By Elizabeth F. McNamara
In August, school finance consultant Mike D’Amico told the School Committee that in tracking state reimbursements for capital expenditures, he’d found the town had held onto $1.5 million that should have been returned to school coffers.
He was referring to the 35 percent reimbursement from the state Dept. of Education (RIDE) for money the district had spent out of its operating budget since 2010 on capital expenses. RIDE also reimburses for bond money spent on capital projects (like the construction of Cole Middle School), but that money is bonded by the town and so is returned to the town and stays with the town. (Find the original story here.)
“The general idea is that whoever has to spend the money gets the reimbursement,” said Committee Chairwoman Carolyn Mark at the time. “The schools have not been getting their share of the reimbursements for capital projects.”
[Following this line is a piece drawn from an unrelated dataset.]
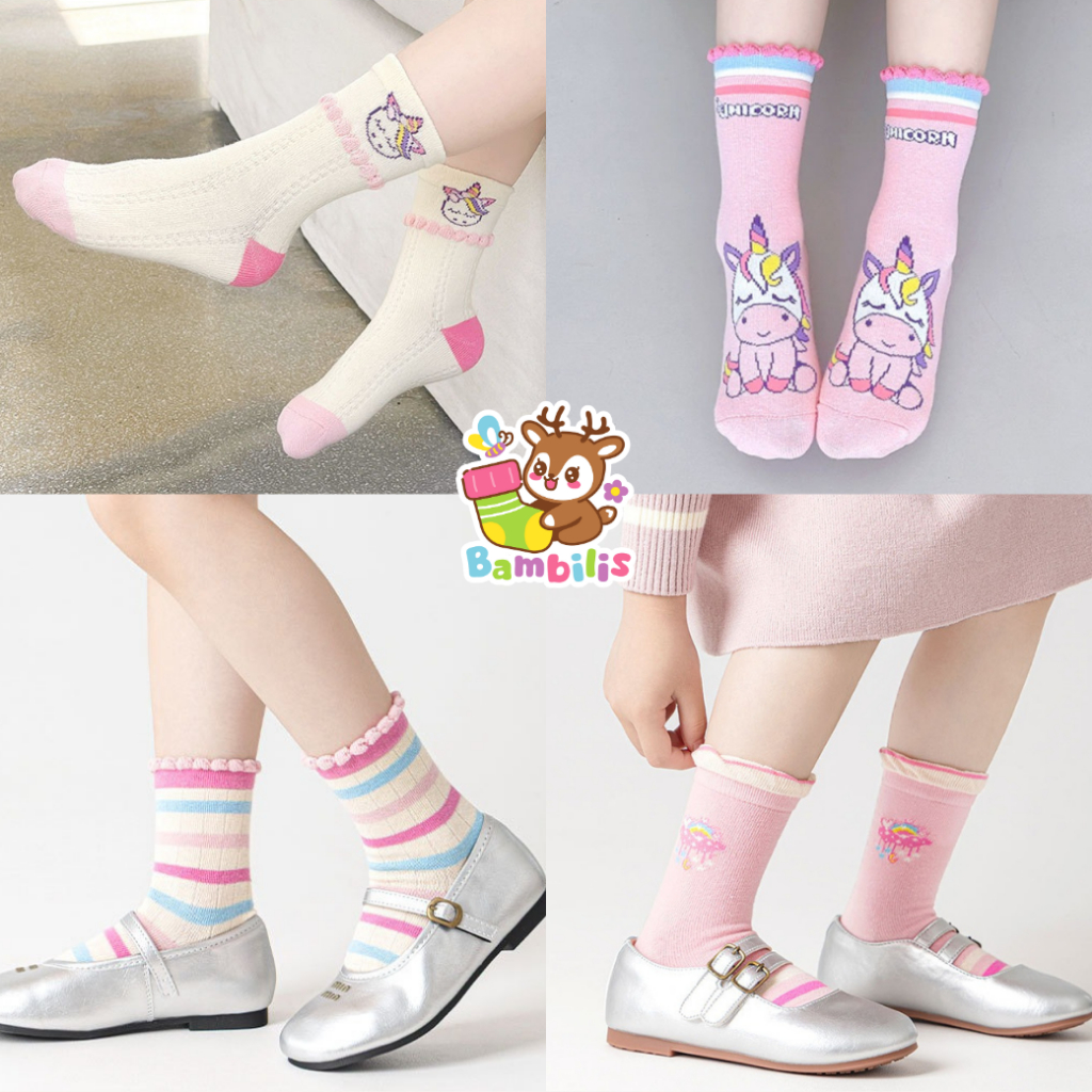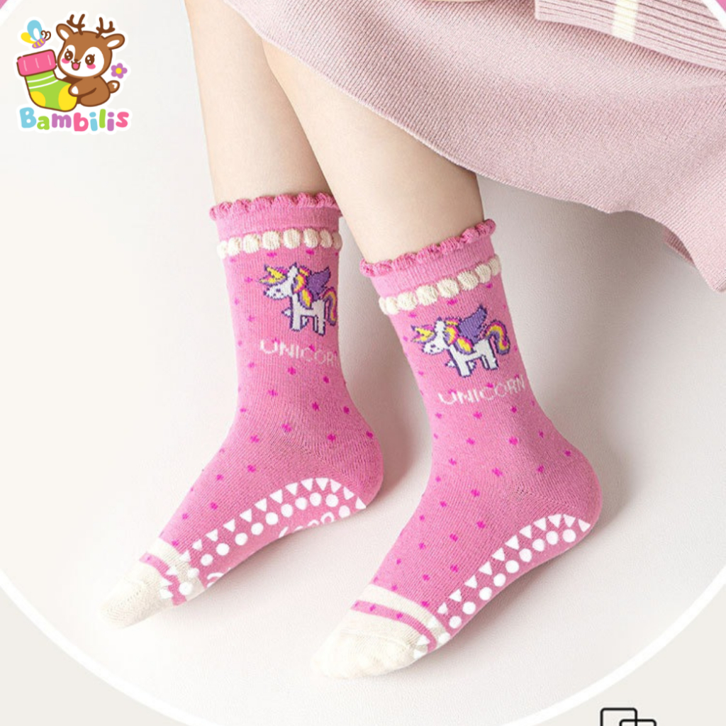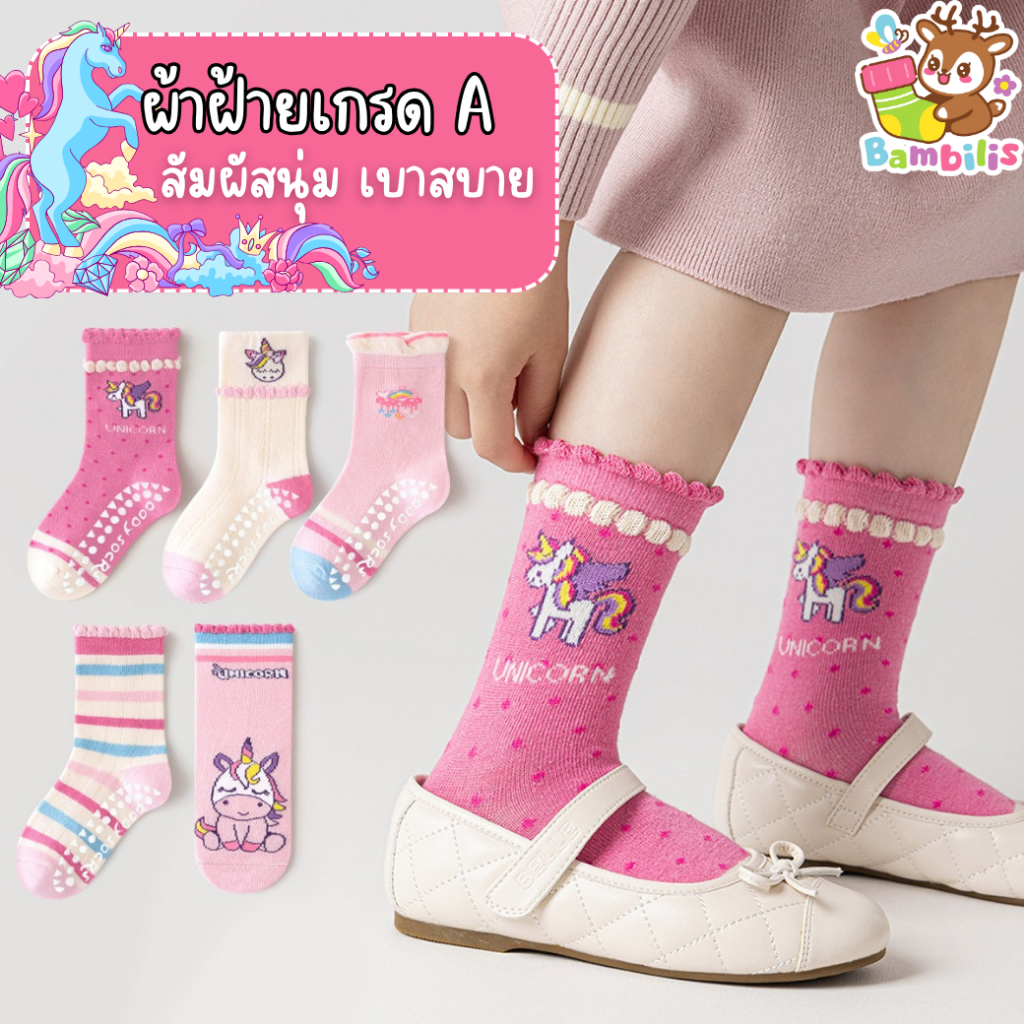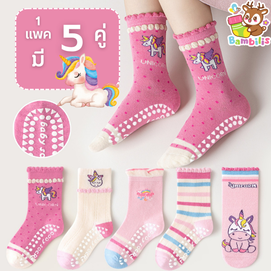 Bambilis : ⚡พร้อมส่ง⚡ ถุงเท้าเด็ก ถุงเท้าเด็กกันลื่น 1 แพคมี 5 คู่ ลายยูนิคอร์นยาว

That idea, however, was met with some confusion and dismay from both incoming Town Manager Andrew Nota (who started in September) and members of the Town Council. In particular, it rankled because the council had given the school district the amount it asked for in the fiscal year 2020 budget as well as giving the strapped district an extra $263,000 for FY2019 in February.
When Nota took over as town manager, he said he was discussing the issue with school officials and would be talking to RIDE. On Monday he said an agreement had been reached.
At a joint meeting of the Town Council and the School Committee at Swift Community Center Monday night, Nota said town and school officials (plus their lawyers) met with RIDE officials to discuss reimbursement policies. The bottom line: the schools would not be getting that $1.5 million. As Nota told it, they already had received that money, in the town’s yearly appropriation to the schools. If the school district had gotten the reimbursement money instead of the town each year, that could have offset the amount of money requested in their annual budget, lowering the district’s overall budget request. In essence, the town covered the school district’s capital budget needs, in part by using that reimbursement money.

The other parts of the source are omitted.